Changing your “race” should be even easier if you adopt the fashionable doctrine that race is a “social construct” with no biological reality. It’s less easy with sex, to say the least. Even the most right-on sociologist might struggle to argue that a penis is a social construct. Gender theorists bypass the annoying problem of reality by decreeing that you are what you feel, regardless of biology. If you feel you are a woman, you are a woman even if you have a penis. It would seem to follow that, if feelings really are all that matter, Rachel Dolezal’s claim to feel black, regardless of biology, should merit at least a tiny modicum of sympathetic discussion, if not outright acceptance.

Changing the subject to something much more interesting, the binary nature of sex very nearly handed Charles Darwin the key to discovering the genetic laws now correctly attributed to Gregor Mendel. What we call “Neo-Darwinism” (see below) would not have had to wait till the twentieth century, and would indeed be just plain “Darwinism”—the great naturalist came that close. And it was the binary nature of sex that brought him there.

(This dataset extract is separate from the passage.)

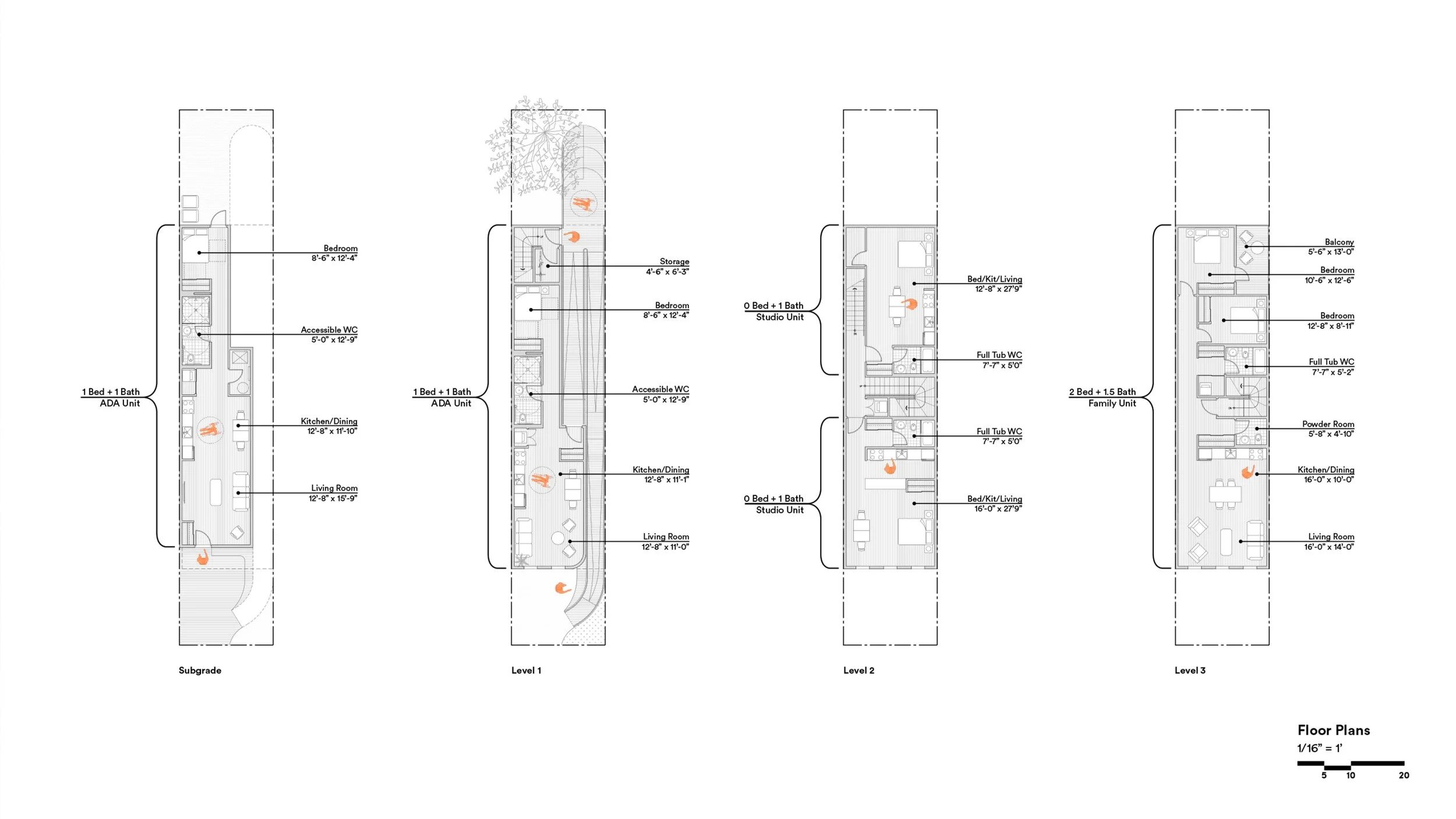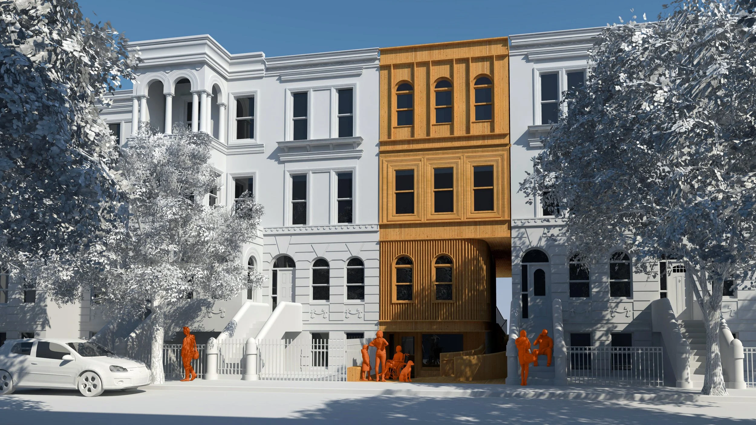 Re-interpreting the iconic New York City Brownstone stoop, Neighborwood is a product of its environment. The design prioritizes both accessibility and local community by offering two exterior gathering spaces linked by an ADA-compliant ramp. This ramp also introduces more natural daylight into the depths of the narrow lot while addressing a range of mobility needs from young families to an aging population that wishes to age-in-place.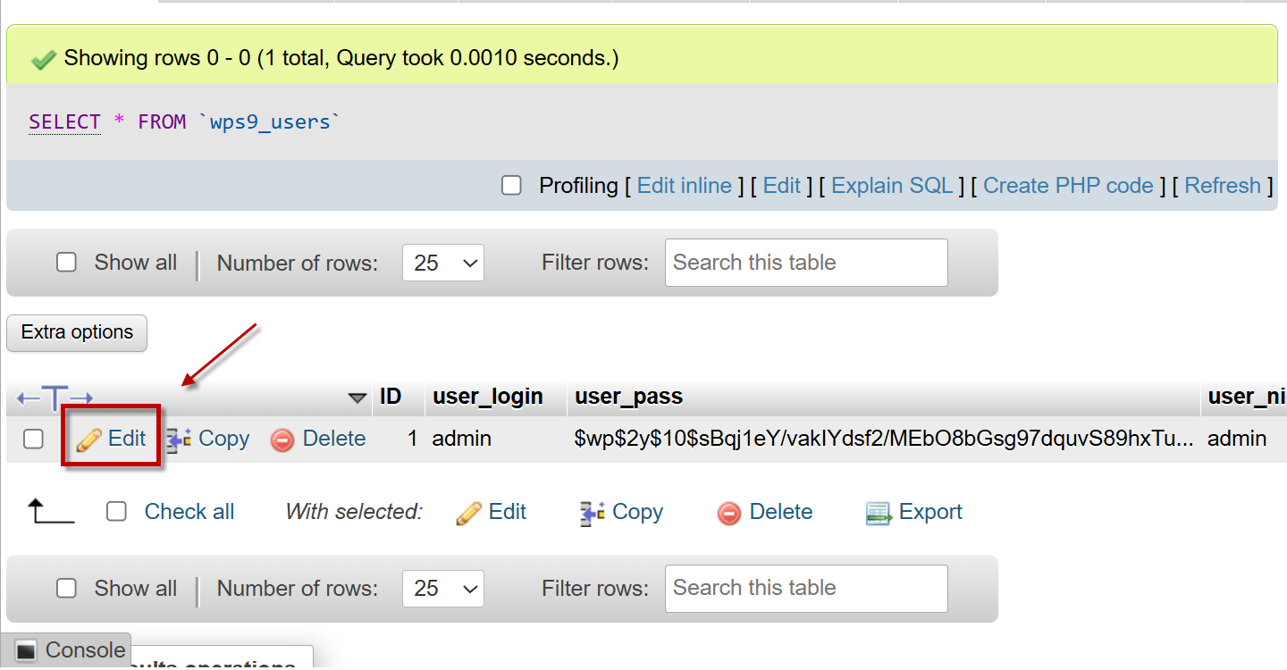 Cara Pertama : Mengubah Password WordPress melalui phpMyadmin

Darwin was troubled by an anonymous 1867 article in the North British Review, which later turned out to be by Fleeming (pronounced “Flemming”) Jenkin, a Scottish engineer who coincidentally worked on the transatlantic cable with Darwin’s other leading critic, Lord Kelvin the eminent physicist. Jenkin’s argument was couched in the horribly racist terms that were part of the intellectual wallpaper of the time, so I’ll rephrase it more neutrally to avoid distraction. A new genetic type (we’d nowadays call it a mutant) couldn’t be favoured in the long term by natural selection, said Jenkin, because it would be swamped. No matter how beneficial at first, as the generations go by it would be diluted to nothing. Darwin was convinced by the argument and it’s a shame he didn’t live to see the fallacy exposed. Jenkin and Darwin, and everybody else at the time, wrongly assumed that heredity was “blending” and that children were a kind of fluid mixture of mother and father: intermediate, like mixing paint. If you mix black with white paint you get grey, and no amount of mixing grey with grey can reconstitute the original black or white. Therefore, so the erroneous argument ran, selection can’t favour a new mutation so that it comes to dominate a population. It will be diluted out of existence as the generations go by.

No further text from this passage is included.